The __dir_bruter__ function accepts a __Queue__ object that is populated with words we prepared in the __get_words__ function. We defined a __User-Agent__ string at the beginning of the program to use in the HTTP request so that our requests look like the normal ones coming from nice people. We add that information into the __headers__ variable __[1]__. We then loop through the __words__ queue. For each iteration, we create a URL with which to request on the target application __[2]__ and send the request to the remote web server.

This function prints some output directly to the console and some output to __stderr__. We will use this technique to present output in a flexible way. It enables us to display different portions of output, depending on what we want to see.

It would be nice to know about any connection errors we get __[3]__, print an __x__ to __stderr__ when that happens. Otherwise, if we have a success (indicated by a status of 200), print the complete URL to the console __[4]__. You could also create a queue and put the results there, as we did last time.
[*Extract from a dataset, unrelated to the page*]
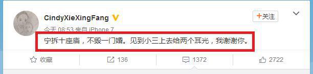 然而,这对 " 金童玉女 " 的感情也曾经历过背叛。就在众人把焦点放在谢杏芳的身上时,以为两人会离婚时,谢杏芳选择了隐忍,选择了原谅自己老公林丹的行为。她曾社交平台上发文:" 宁拆十座庙,不毁一门婚。"

If we get a 404 response, we print a dot (.) to __stderr__ and continue __[5]__. If we get any other response code, we print the URL as well, because this could indicate something interesting on the remote web server. (That is, something besides a "file not found" error.) It's useful to pay attention to your output because, depending on the configuration of the remote web server, you may have to filter out additional HTTP error codes in order to clean up your results.
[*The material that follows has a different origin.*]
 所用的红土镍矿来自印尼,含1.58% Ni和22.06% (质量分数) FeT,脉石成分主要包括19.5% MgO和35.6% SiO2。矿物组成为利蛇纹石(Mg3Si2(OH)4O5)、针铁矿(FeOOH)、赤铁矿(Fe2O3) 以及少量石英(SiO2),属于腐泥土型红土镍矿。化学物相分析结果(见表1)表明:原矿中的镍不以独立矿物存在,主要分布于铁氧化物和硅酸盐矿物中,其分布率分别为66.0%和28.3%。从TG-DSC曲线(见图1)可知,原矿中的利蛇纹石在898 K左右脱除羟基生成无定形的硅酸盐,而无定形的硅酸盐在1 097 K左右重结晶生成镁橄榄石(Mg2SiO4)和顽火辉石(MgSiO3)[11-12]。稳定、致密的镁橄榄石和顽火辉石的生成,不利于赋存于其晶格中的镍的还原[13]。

In the __\_\_main\_\___ block, we get the list of words to brute-force __[6]__ and then spin up a bunch of threads to do the brute-forcing.

# *__Kicking the Tires__*

OWASP has a list of vulnerable web applications, both online and offline, such as virtual machines and disk images, that you can test your tooling against. In this case, the URL referenced in the source code points to an intentionally buggy web application hosted by Acunetix. The cool thing about attacking these applications is that it shows you how effetive brute forcing can be.
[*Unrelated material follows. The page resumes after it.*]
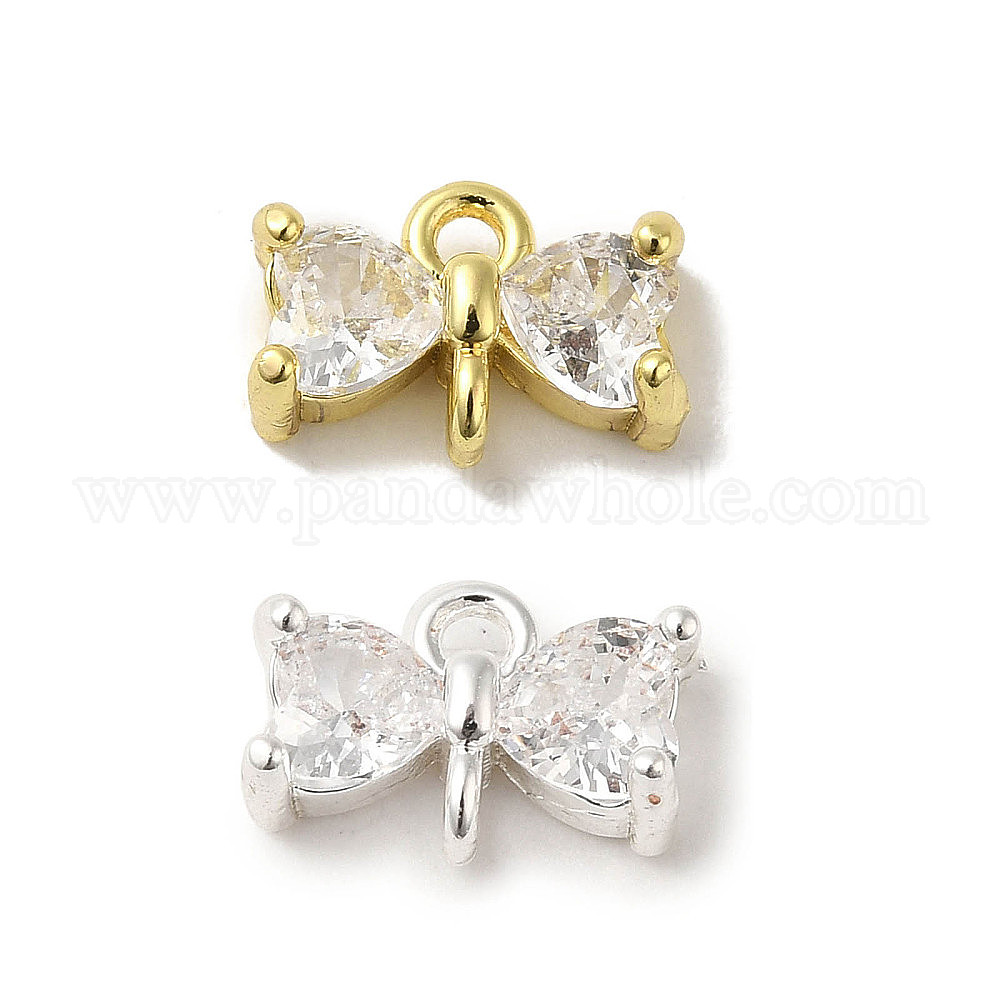 Подвески-соединители с бантом из латуни и прозрачным фианитом

We recommend you set the __THREADS__ variable to something sane, such as 5, and run the script. A value too low will take a long time to run, while a high value can overload the server. In short order, you should start seeing results such as the following ones:
```
(bph) rick@kali:~/bhp/bhp$ python bruter.py
Press return to continue.
--snip--
Success (200: http://testphp.vulnweb.com/CVS/)
...............................................
Success (200: http://testphp.vulnweb.com/admin/).
.......................................................
```
If you want to see only the successes, since you used __sys.stderror__ to write the x and dot (.) characters, invoke the script and redirect __stderr__ to _/dev/null_ so that only the files you found are displayed on the console:
```
python bruter.py 2> /dev/null

Success (200: http://testphp.vulnweb.com/CVS/)
Success (200: http://testphp.vulnweb.com/admin/)
Success (200: http://testphp.vulnweb.com/index.php)
Success (200: http://testphp.vulnweb.com/index.bak)
Success (200: http://testphp.vulnweb.com/search.php)
Success (200: http://testphp.vulnweb.com/login.php)
Success (200: http://testphp.vulnweb.com/images)
Success (200: http://testphp.vulnweb.com/index.php)
Success (200: http://testphp.vulnweb.com/logout.php)
Success (200: http://testphp.vulnweb.com/categories.php)
```
Notice that we're pulling some interesting results from the remote website, some of which may surprise you. For example, you may find backup files or code snippets left behind by an overworked web developer. What could be in that __index.bak__ file? With that information, you can remove files that could provide an easy compromise of your application.